Мой достойный предок вытаращил глаза; он не считал своего патрона способным доверить что-нибудь женщине, которая, как им было хорошо известно, покупала больше, чем ее муж согласился бы оплатить.

— Она дала мне гинею, хозяин, за то, что не стоило и семи шиллингов!

— Вот именно, Том, и сделала она это только из тщеславия. Я извлекаю прибыль из ее глупости и из глупости всего человеческого рода. Так теперь ты видишь, на какой капитал я веду свои дела? А вон ее служанка несет деревянные галоши за ленивой тварью. У этой девчонки тоже хранится доля моего капитала, и на прошлой неделе я взял из него полкроны.

Том долго раздумывал над иносказаниями своего предусмотрительного хозяина, и хотя он понимал их не лучше, чем их поймет добрая половина обладательниц томных влажных глаз и обладателей пробивающихся бачек среди моих читателей, все же, поразмыслив, он в конце концов, практически постиг эти тонкости и к тридцати годам уже, пользуясь французским выражением, довольно хорошо их «exploite» [3].

Со слов достоверных свидетелей мне известно, что взгляды моего предка между десятью и сорока годами претерпели существенные изменения. Это обстоятельство часто побуждало меня думать, что людям не следует особенно доверять своим принципам в том гибком возрасте, когда человеческий дух, подобно нежному ростку, легко отклоняется в сторону и поддается посторонним воздействиям.
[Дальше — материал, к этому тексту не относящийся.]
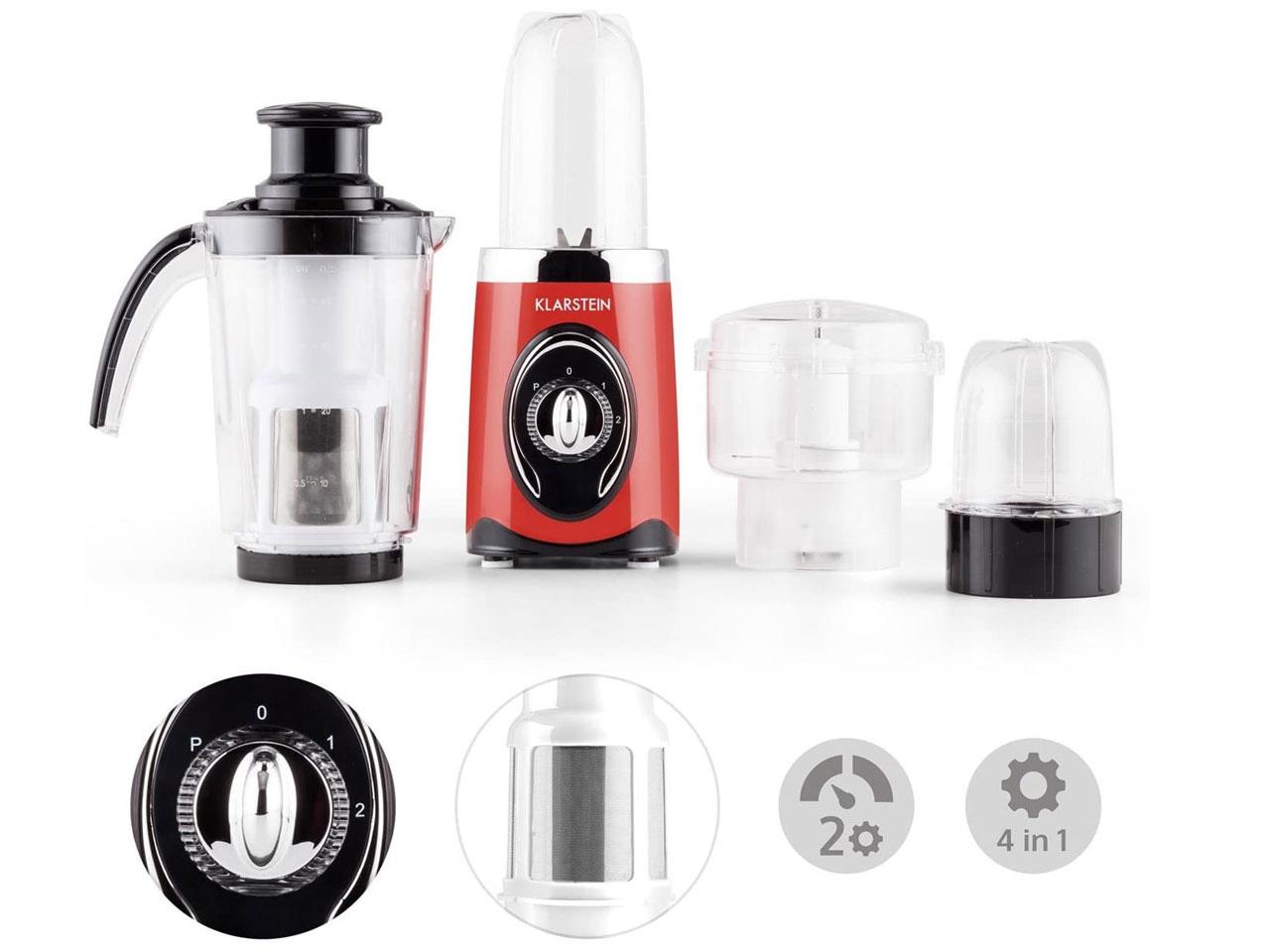 Silný motor výkonem 220 W účinně umixujeme (s použitím 4 čepelového nástavce), rozseká (s použitím nástavce s plochými břity) nebo poseká (s použitím sekacího nástavce) vše, co mu přijde na čepel. Zařízení disponuje dvěma rychlostními stupni i pulzní funkcí Klarstein mixér vybavil i třemi nádobami s různým objemem: malou 200 ml sklenicí, velkou 400 ml sklenicí a mixovacím džbánem o objemu 1000 ml. Na přípravu lahodných šťáv stačí do mixovacího džbánu vložit filtr a během pár chvil ze zařízení získáme centrifugu. Filtrovací sada obsahuje i vlastní pěchovadlo a malou odměrku. Mixér se hodí na přípravu různých dipů, omáček či ovocných drinků. Praktičnost zařízení zvyšují kryty na sklenice, které umožňují nosit nápoje s sebou nebo je pohodlně uskladnit v lednici. Zařízení je také snadno omyvatelné - čepele lze mýt samostatně a sklenice s kryty jsou omyvatelné v myčce. Malé rozměry zařízení (průměr jen 12 cm) předurčují mixér i do menších kuchyní.uizooka

Люди замечали, что в раннем, еще впечатлительном возрасте, мой родитель проявлял живейшее сочувствие при виде приютских детей, и не было также случая, чтобы он прошел мимо ребенка, плачущего от голода на улице—особенно если это был маленький мальчик, еще одетый в платьице, — не поделившись с ним своей коркой хлеба. Так, говорят, мой достойный отец и поступал всегда, и, в особенности, если перед встречей его сострадательность была обострена хорошим обедом. Последнее можно приписать более яркому представлению о том удовольствии, которое он собирался доставить.

В шестнадцать лет он уже иногда касался в беседах политики, а к двадцати годам стал ее большим и красноречивым знатоком. Он любил поговорить о справедливости и священных правах человека, нередко высказывая при этом весьма достойные мысли, вполне приличествующие юноше на дне великого социального котла, который тогда, как и ныне, бурно кипел и жар, поддерживавший это кипение, особенно сильно ощущался именно на дне. Меня уверяли, что никто из молодых людей прихода не говорил с таким пылом и самозабвением о налоговом бремени или об обидах, причиненных Америке и Ирландии. Примерно тогда же слышали, как он кричал на улицах: «Уилкс и свобода!»

Но, как это всегда бывает с людьми выдающихся способностей, в душе моего предка накапливались силы, которые вскоре направили все его блуждающие симпатии, весь избыток переполнявших его чувств в правильное и полезное русло, сосредоточив их в одном всепоглощающем обширном вместилище — в самом себе. Я не приписываю моему отцу какого-либо своеобразия в этом отношении. Как часто люди уподобляются отчаянным всадникам, которые, еще не усевшись как следует в седло, поднимают тучу пыли и кидают коня туда и сюда, точно всей ширины дороги им мало для их сумасбродных эволюции, а потом направляются к своей цели прямо, как стрела из лука. Такие люди беззаветно отдаются увлечениям в начале жизненного пути, но под конец его лучше других научаются управлять своими чувствами и подчинять их здравому смыслу и осторожности. Еще не достигнув двадцати пяти лет, отец уже стал самым примерным и постоянным почитателем Плутоса, какого только можно было сыскать в то время между Ратклифской дорогой и Бридж-стрит. Я выделяю эти места потому, что остальная часть великой столицы, в которой он родился, как известно, более равнодушна к деньгам.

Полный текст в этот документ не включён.